UPDATE: VLM Airlines says NYET to the once planned 14 x Russian Sukhoi SSJ-100’s SuperJet’s, due to potential certification and geopolitical risks, which I have been talking about for some time. It took a new CEO Hamish Davidson to see things clearly, the SSJ-100 program is in BIG trouble, 102 manufactured and 35+ “white tails” sitting and waiting in the cold for a buyer or lessee, basically any airline with a pulse and in desperate need of 80-90 seat regional jets. The aircraft are going to Russian airlines off course and then to very financially weak and desperate airlines outside of Russia like Thailand’s Kan Air, which recently was one of 4 airlines in Thailand identified by it’s CAA as having safety concerns due to high debt loads. While another SSJ-100 customer, Bek Air (Kazakstan) sues it’s CAA because it does not want to undertake a compulsory IOSA (IATA Operational Safety Audit) ? Other than InterJet (Mexico) the foreign customers of the SSJ-100 have been very weak airlines most have gone bankrupt operating the SSJ100 or just waiting for the SSJ100 to arrive, not sure which is worst, either way, financial condition of the operating carrier is obviously not a major criteria at SuperJet International. The list of failed Sukhoi “customers” is pretty long for a 5 year old program, from Armavia (Armenia), Moskovia (Russia), Air Armenia, Sky Aviation (Indonesia), Lao Central Airlines (Laos) Kartika Airlines (Indonesia), while Blue Panorama (Italy) just cancelled it’s order.
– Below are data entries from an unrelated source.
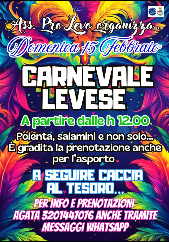 IL CARNEVALE DI LEVO con polentata e specialità della cucina Levese a cura della Pro Levo. A seguire caccia al tesoro.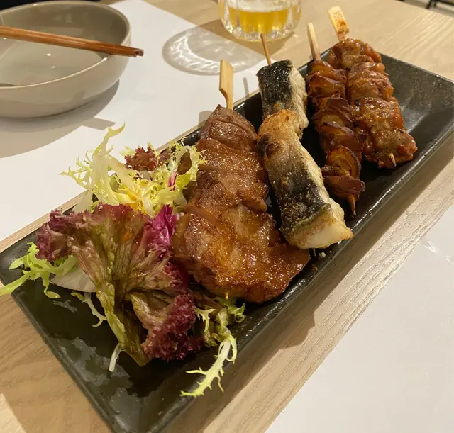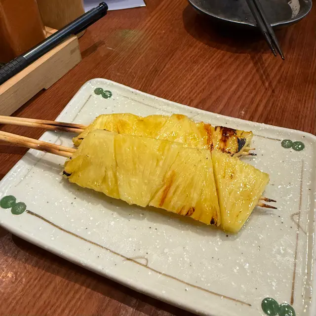 呢間嘢好似幾出名,喺旺角銅鑼灣都有分店。一場嚟到中環地區,就諗住過嚟試吓啦。自問都食過唔少差唔多價錢嘅串燒店,呢間嘢唯一嘅優點就係好平有$10/$15/$20串嘅選擇,但係就要兩串起跳。第一次食,咁梗係要叫啲不嬲去開串燒舖要叫嘅款式,例如係雞肝、雞皮、雞翼、牛舌芯、燒茄子等,見到食評有人推介燒鵪鶉蛋串,所以都叫黎食吓。其實$10-$15 無乜太岩叫。但生啤$48買一送一係幾抵飲。大致上嘅評價就係味道普通,有得揀唔會再回訪,有唔少差唔多價位味道更好嘅選擇。但overall叫對得住個價錢囉食評時間:黑松露雞肝,極普通,燒到全熟,冇黑松露味。雞翼味道普通,冇燒到外脆內嫩嘅感覺,就普通燒雞翼。燒菠蘿: 就正常燒菠蘿燒蠔: 係平,$48/2 隻,但完全無蠔味,食完唔知食咗咩燒鵪鶉蛋串:直頭係唔知點解會有呢個菜式,仲要有人推薦勁伏燒牛舌芯: 佢冇寫厚切,所以係超薄,而口感一般,可以唔洗叫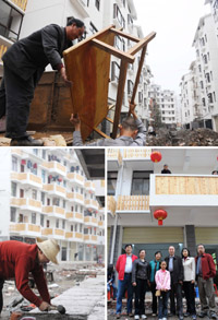 上圖:4月13日,湖北省興山縣高陽鎮(zhèn)一戶移民正在搬家。左下圖:4月13日,高陽鎮(zhèn)一位工匠在鋪設(shè)新居門口的地磚。右下圖:4月13日,一戶剛搬進新居的移民在新居前拍下全家福。 目前,三峽庫區(qū)最后一個移民集鎮(zhèn)——湖北省興山縣高陽鎮(zhèn)正加緊移民搬遷,預計5月底將搬遷結(jié)束。高陽鎮(zhèn)位于三峽庫區(qū)的支流香溪河畔,是通往神農(nóng)架、鄂西的咽喉。受地理條件限制,該鎮(zhèn)采取了在原址筑堤回填造地,使原地抬高22米,在新造地上建設(shè)移民住房的辦法進行移民安置。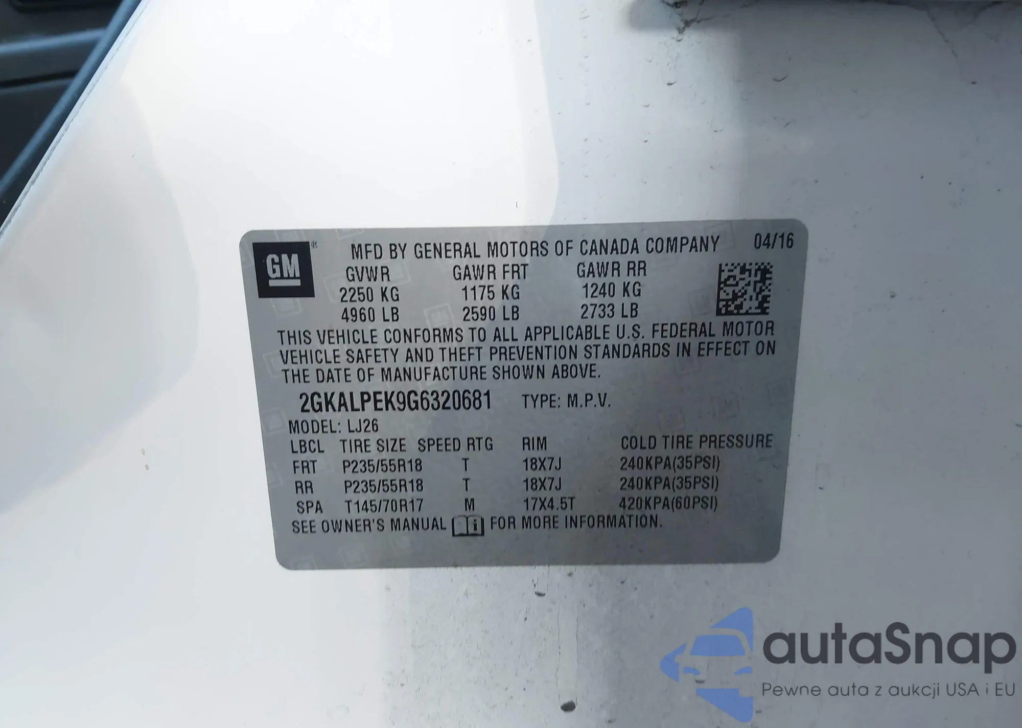 • VIN 2GKALPEK9G6320681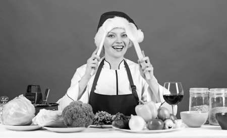 Try main meal. Best christmas recipes. Christmas dinner idea. Easy ideas for christmas party. Healthy christmas holiday recipes. Festive menu concept. Woman chef santa hat cooking hold wooden spoons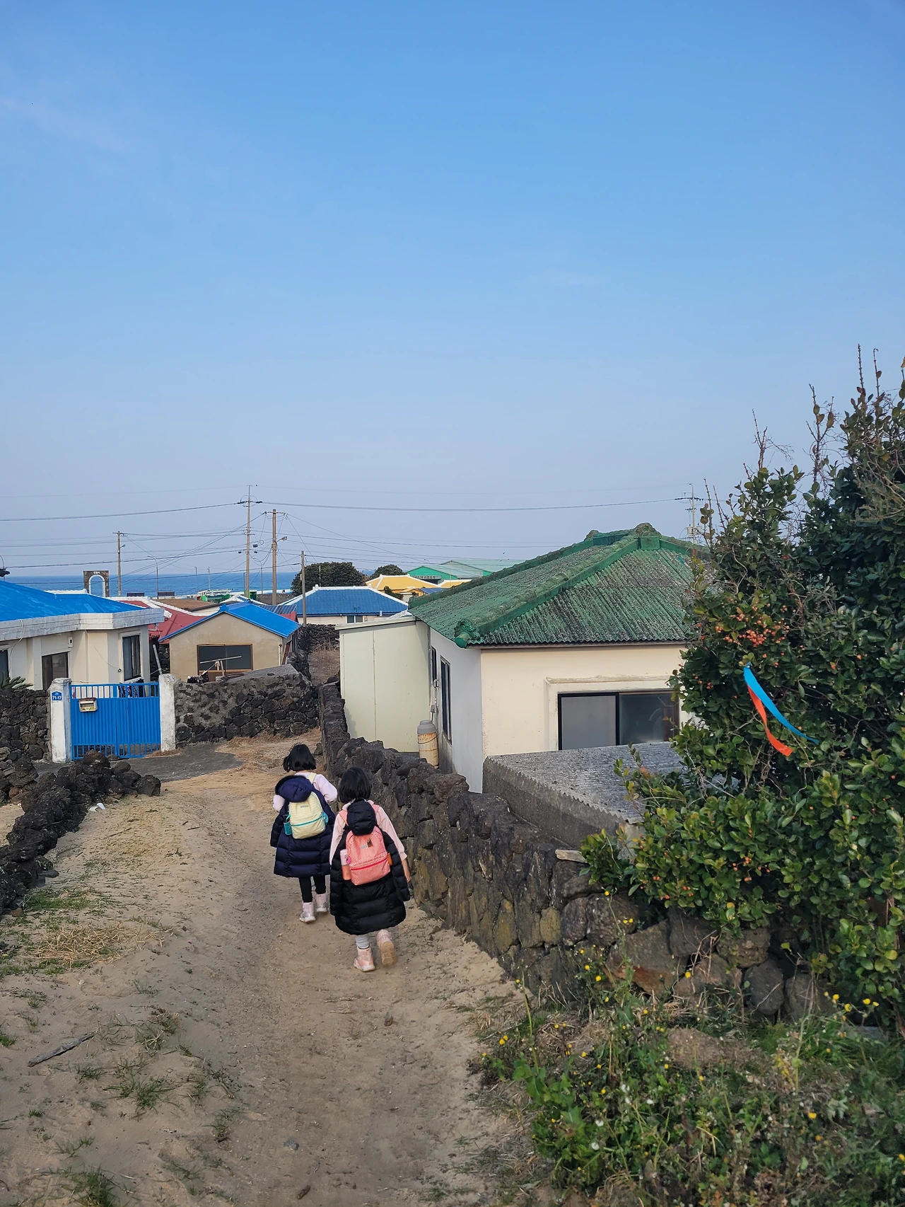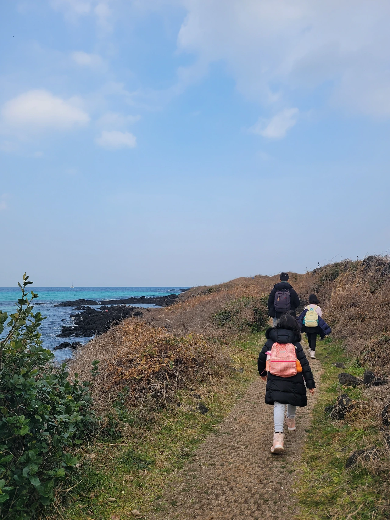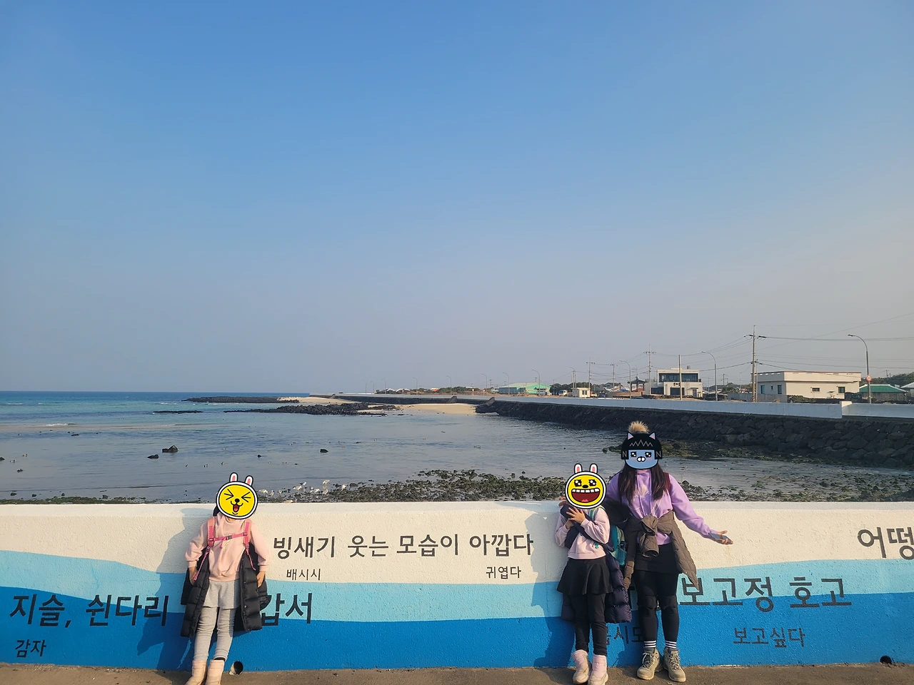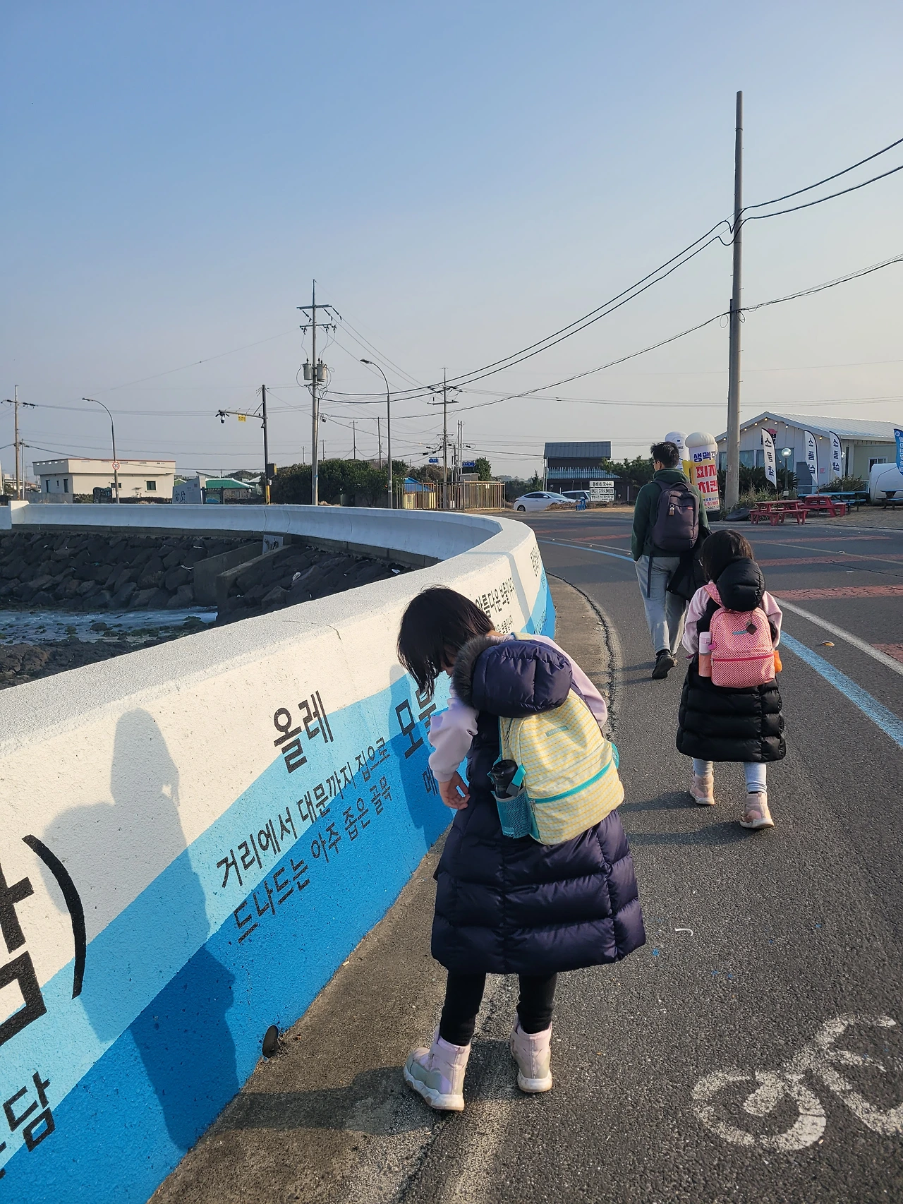 "얘들아, 이제 진짜 조금 남았어! 저기 우리가 가봤던 해녀 박물관 보이지? 저기까지만 가면 끝나니까 힘내!"

Airline executives should not take big risks with their airlines, the SSJ100 has many risks, political, economical, customer perception to operational. Finally, Russia’s Prime Minister Medvedev “wonders whether it is 2016 or 1962 ?” as the “New Cold War” is on according to him, meanwhile many Europeans wonder if it is not 1938-1941 all over again with 3 internationally recognized independent countries (Georgia, Moldova and Ukraine) now having had part of their territory annexed by force in the past 20 years by Russia, who is next ? Estonia ? Latvia ? Lithuania ? it is time for tougher economic sanctions on Russia that include Sukhoi and it’s commercial aircraft program, the SSJ-100, wake up Europe, because it is 1938 all over again, will history repeat itself ?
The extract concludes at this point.